ROME — Pope Francis said that when he was on the Greek island of Lesbos, “while enchanted by the scenery of the blue sky and sea, I was struck by the thought that such a beautiful sea had become a tomb for men, women and children who had for the most part sought only to escape inhumane conditions in their own homelands.”
The pope’s comments came in a letter to Orthodox Ecumenical Patriarch Bartholomew of Constantinople, who had joined the pope in Lesbos in 2016 to draw attention to the plight of the thousands of refugees and migrants living there.

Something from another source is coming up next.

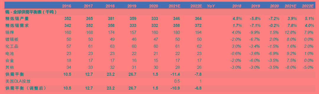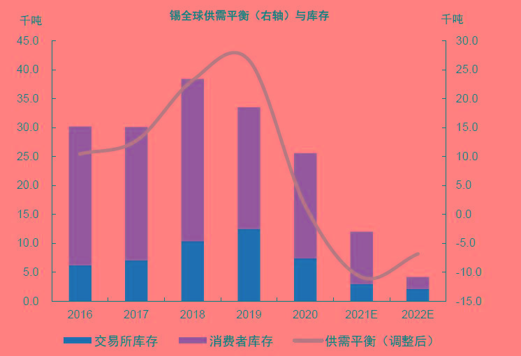 2020年受疫情影响,我们估算全球精炼锡产量同比下降7.2%,2021年锡产量同比上升3.9%至34.6万吨,但仍比2019年的供应少3.6%。今年的主要减量来自于印尼锡矿产量减少、马来西亚冶炼公司因疫情停止运营4个月以及少量来自玻利维亚运营干扰影响;增量主要来自中国和秘鲁的冶炼运营从2020年疫情影响中恢复以及秘鲁Minsur公司的B2尾矿项目。锡矿方面,位于刚果(金)的Bisie项目在2019年投产,当地锡矿出口量逐年上升,主要目的地为中国,部分弥补了缅甸矿供应下滑的问题。

“The dramatic contradictions” between the beauty of the sea and the reality of hundreds of people drowning in it as they sought safety, the pope wrote, show the importance of recognizing the connection between environmental protection and the protection of people, especially the most vulnerable.
Francis sent his message to the patriarch on the occasion of a symposium June 5-8 in Greece, titled “Toward a Greener Attica: Preserving the Planet and Protecting its People.”
Attica refers to the peninsula that includes Athens, the Greek capital. The symposium was part of a series Bartholomew has hosted to look at a local ecological situation while also discussing global environmental problems and theological approaches to the care of creation.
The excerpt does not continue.